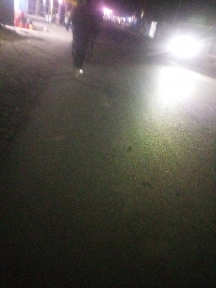 A dark road scene at night. A person walks along the road, partially illuminated. Bright headlights from an unseen vehicle shine on the road ahead. Buildings and other individuals are dimly visible in the background. The overall impression is of low-light conditions and limited visibility.
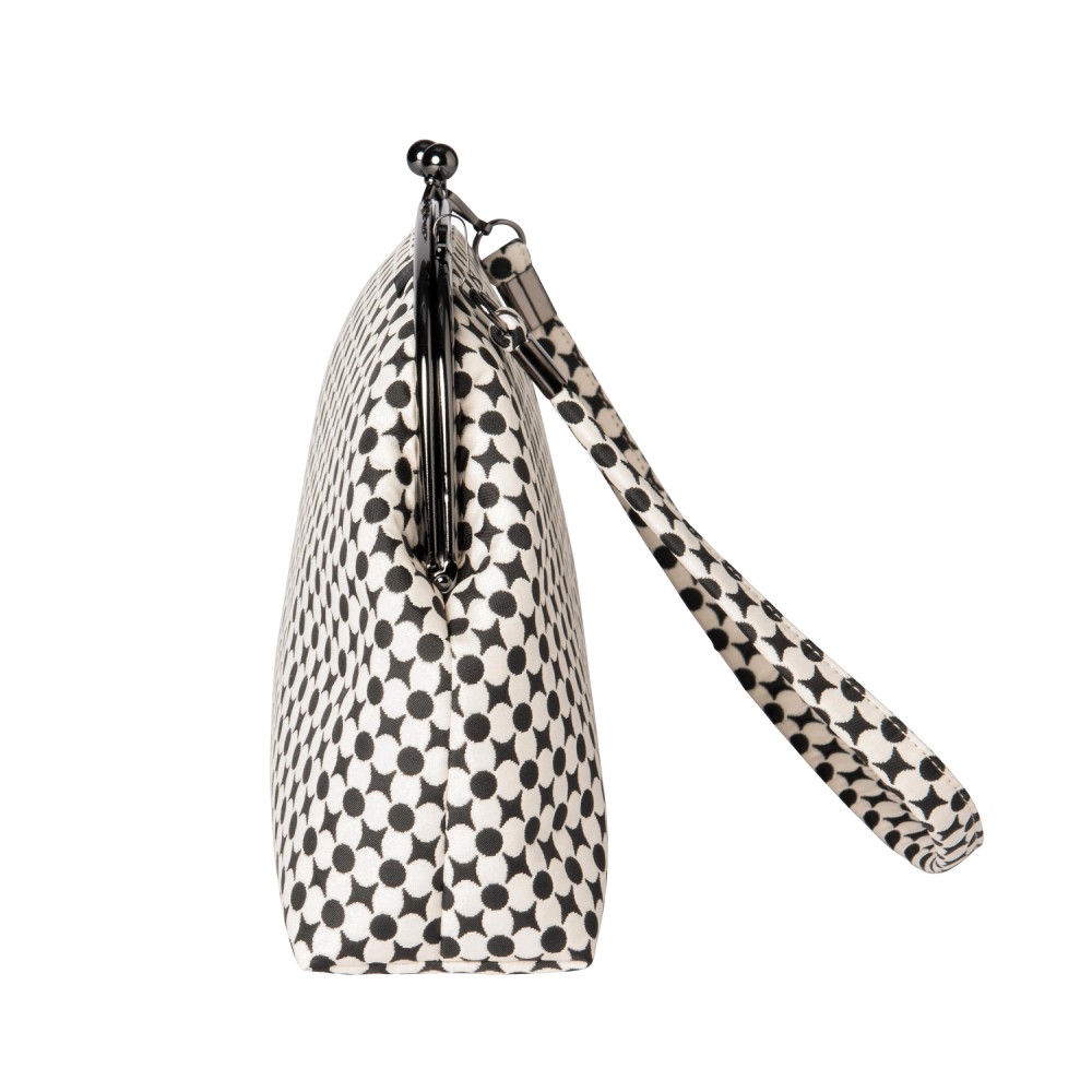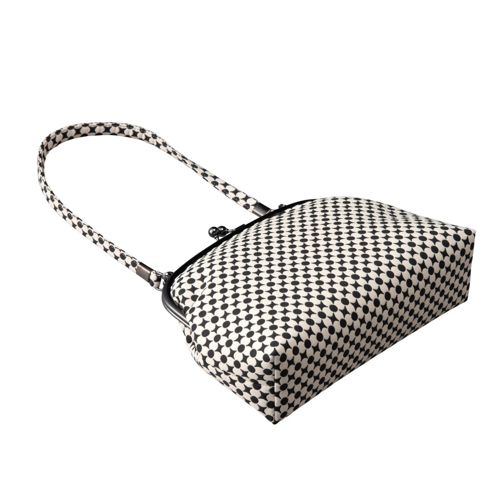 【小ぶりなふくれ織りがま口バッグ】 七宝柄 がま口バッグ《 白×黒 》 がまぐちハンドバッグ 日本製 京都 さんび
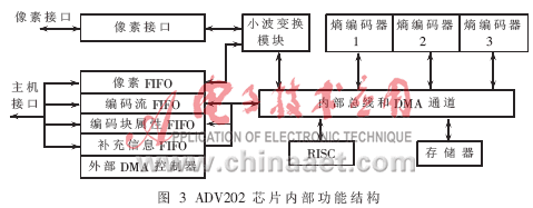 ADV202作为解码器时,则像素接口和像素FIFO作为输出,编码流FIFO接收JPEG2000编码流,图3是ADV202的内部模块。
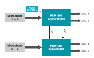 在采用多麥克風(fēng)設(shè)計和語音識別時,我們也無需重新設(shè)計;赑CM1864 的TI 圓形麥克風(fēng)板(CMB) 參考設(shè)計(如圖 3 所示)使用兩個4通道音頻ADC 與一組模擬麥克風(fēng)(最多含八個)連接,并且可以在嘈雜的環(huán)境中提取清晰的用戶語音指令。

→ Exercise directions: Set down word for word, from the line that contains "ADV202作为解码器时,则" to the end of the listing above, every line and no picture.

→ Answer section:
 ADV202作为解码器时,则像素接口和像素FIFO作为输出,编码流FIFO接收JPEG2000编码流,图3是ADV202的内部模块。
 在采用多麥克風(fēng)設(shè)計和語音識別時,我們也無需重新設(shè)計;赑CM1864 的TI 圓形麥克風(fēng)板(CMB) 參考設(shè)計(如圖 3 所示)使用兩個4通道音頻ADC 與一組模擬麥克風(fēng)(最多含八個)連接,并且可以在嘈雜的環(huán)境中提取清晰的用戶語音指令。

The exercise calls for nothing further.